Wednesday, April 29, 2009

On Presidential Style And 100 Days

On the occasion of Barack Obama's 100th day as President of the United States, points out that on April 29, 2001, The New York Times ran a mostly favorable editorial about George W. Bush's first 100 days. Although the editorial board now recognizes the failure of the Bush presidency, on that day exactly ten years ago readers of the Times learned

his sunny self-confidence, even his penchant for bankers' hours and long weekends, seems to sit well with many Americans. It is a relief, they seem to be saying, to have a president who is not so tiring and omnipresent as Mr. Clinton.

And how did that "penchant for bankers' hours and long weekends" work out? A little walk down memory lane is helpful:

January 25, 2001: Counter-terrorism czar Richard Clarke "urgently" (his term) requests of National Security Adviser Condoleezza Rice a Principals Committee meeting to discuss the threat from Al Qaeda; then turns over to Rice a memo (with two Clinton-era documents about Al Qaeda attached) which urged "an immediate meeting of the National Security Council's Principals Committee to discuss broad strategies for combating al-Qaeda by giving counterterrorism aid to the Northern Alliance and Uzbekistan, expanding the counterterrorism budget and responding to the U.S.S. Cole attack."

August 4, 2001: President Bush goes to Crawford, Texas to begin a month-long vacation, where he alternates between clearing brush and contemplating stem cell research. As USA today explained on 8/3/01:

Six months after taking office, President Bush will begin a month-long vacation Saturday that is significantly longer than the average American's annual getaway. If Bush returns as scheduled on Labor Day, he'll tie the modern record for presidential absence from the White House, held by Richard Nixon at 30 days.

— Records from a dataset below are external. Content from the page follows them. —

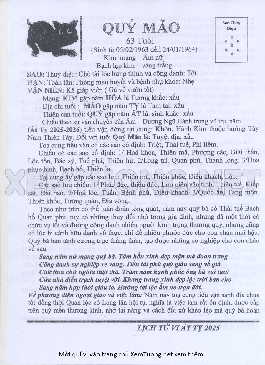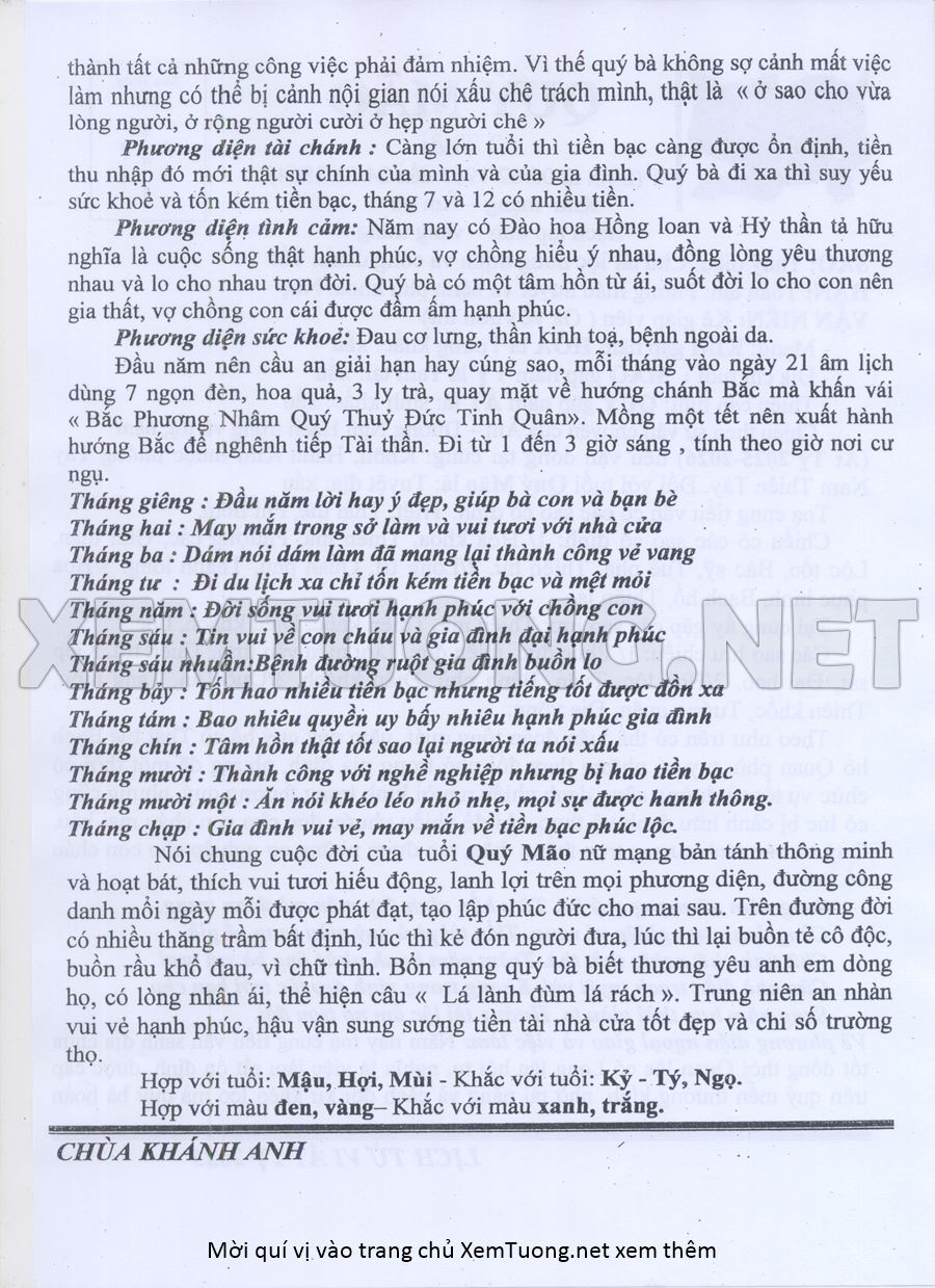 Tử Vi Năm Ất Tỵ 2025 mạng nữ QUÝ MÃO
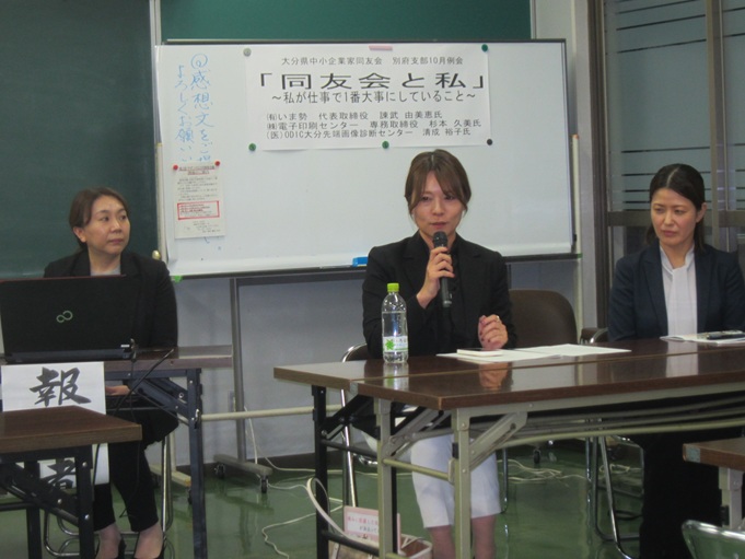 諫武 由美恵氏((有)いま勢 代表取締役 )、杉本 久美氏((株)電子印刷センター 専務取締役)、清成 裕子氏((医)ODIC大分先端画像診断センター)が「同友会と私~私が仕事で1番大事にしていること~」をテーマに報告しました。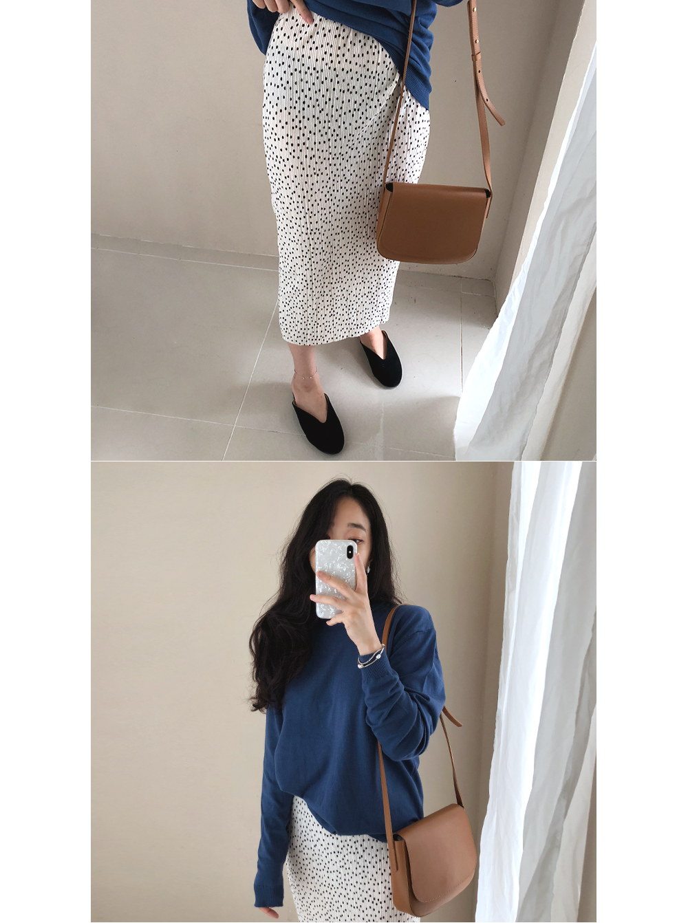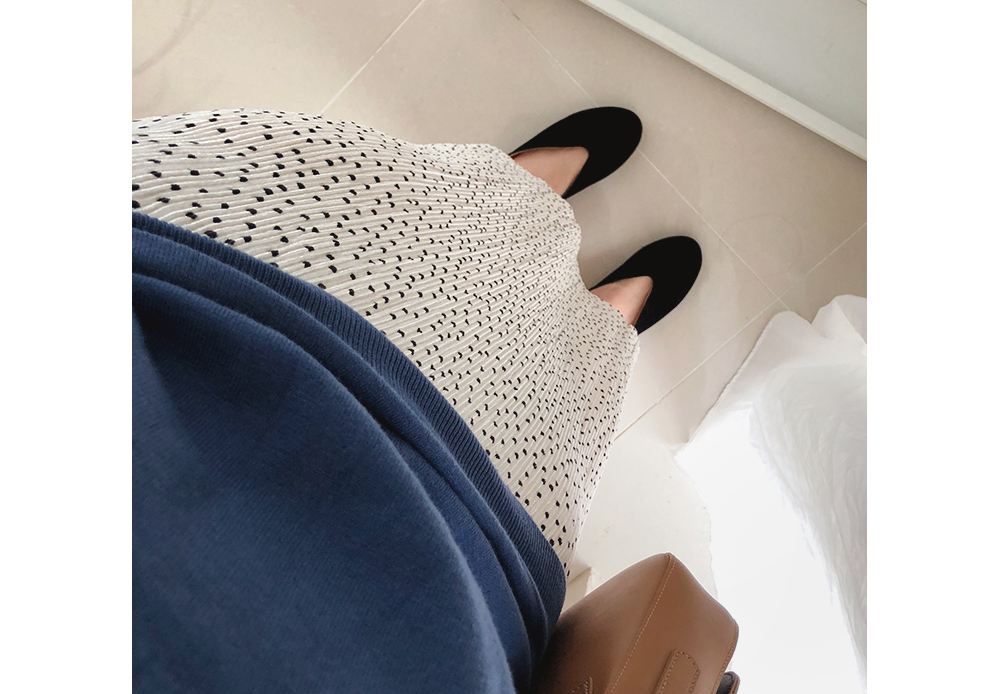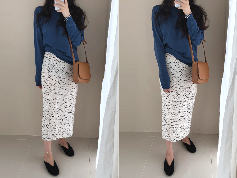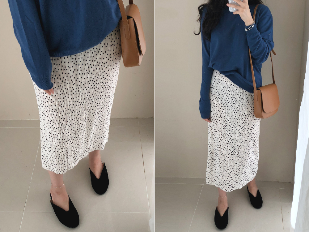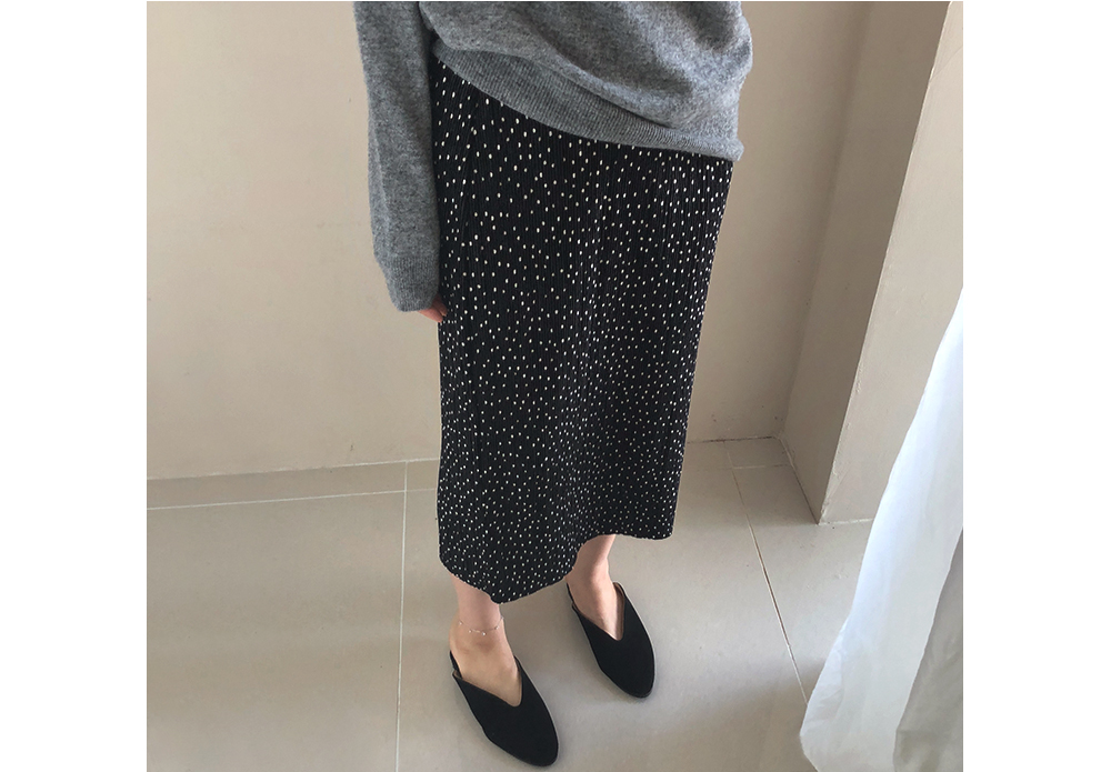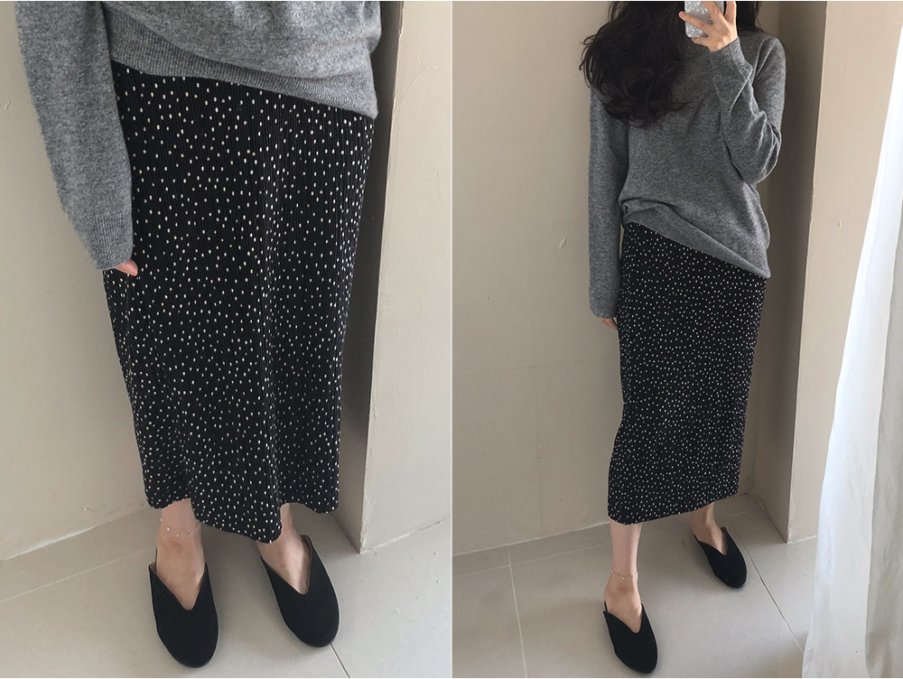 벨벳 도트 밴딩 롱 스커트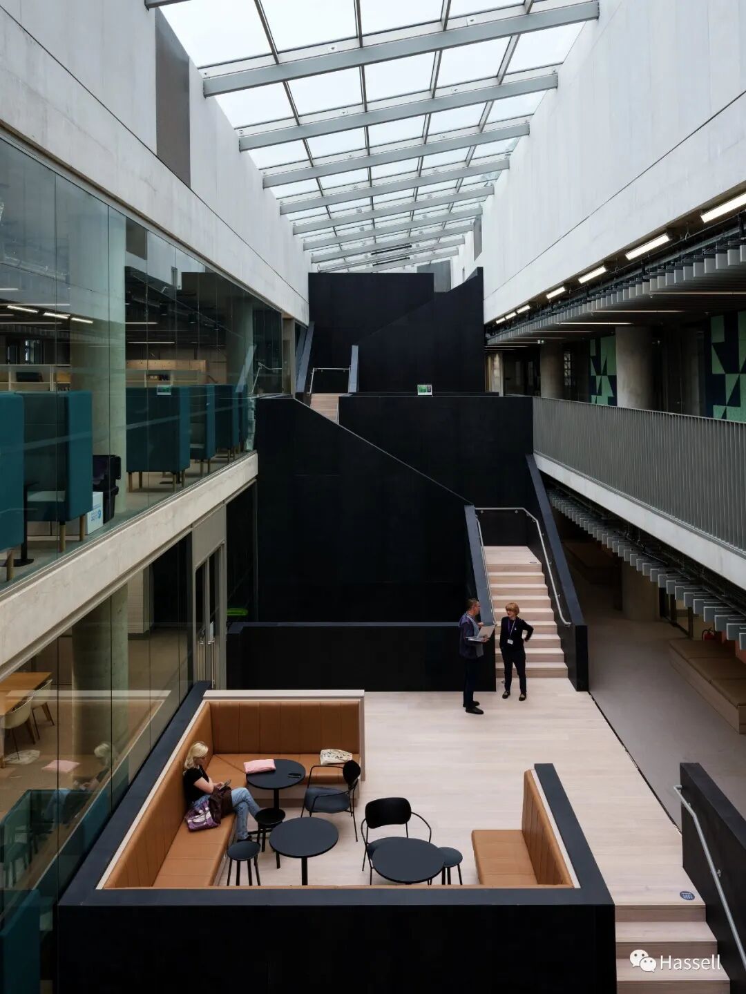 A revitalised ground level connects the business school with the neighbouring campus buildings like the Advanced Engineering Centre, the 800-bed Mithras Student Village, a new pedestrian bridge, the student union, shops, cafes and bars as well as new health and fitness facilities.

August 6, 2001: President Bush receives Presidential Daily Briefing entitled "Bin Laden determined to strike in U.S." Bush listens and tells the CIA briefer "All right. You've covered your ass, now." (Ron Suskind, The One Percent Doctrine)

September 4, 2001: The first Principals Committee meeting regarding Al Qaeda of the Bush presidency takes place, only seven days before the deadly terrorist attacks.

This is not only evidence of the benefit of having a president more interested in the affairs of the nation than in vacations. Back in their April, 2001 editorial, the NYT commented

We are not among those who complain that the tradition of measuring the first hundred days of a presidency has turned into an empty ritual. It is a convenient way to demarcate a period in which a new chief executive and the American people learn things that cannot emerge in the campaign vortex. The glimpses we get often can be valuable and even prophetic.

And the editors concluded:

We remain optimistic that Mr. Bush will continue in his basically sound approach to foreign policy and trade. And we remain hopeful that he will grow in compassion for average Americans and his sensitivity to the environment.

Given how (horrifically) the Bush presidency evolved, this should have been a cautionary tale to the traditional- and new- media about vesting importance in the arbitrary demarcation of 100 days. We know little if anything about the long-term, or even short-term, consequences of the Obama economic plan. And dangers lurk in Afghanistan, the Middle East, south Asia and elsewhere, to which the President and his advisers will respond effectively, or otherwise. One hundred days or not, it is unlikely we have seen either the best or the worst of the Obama presidency.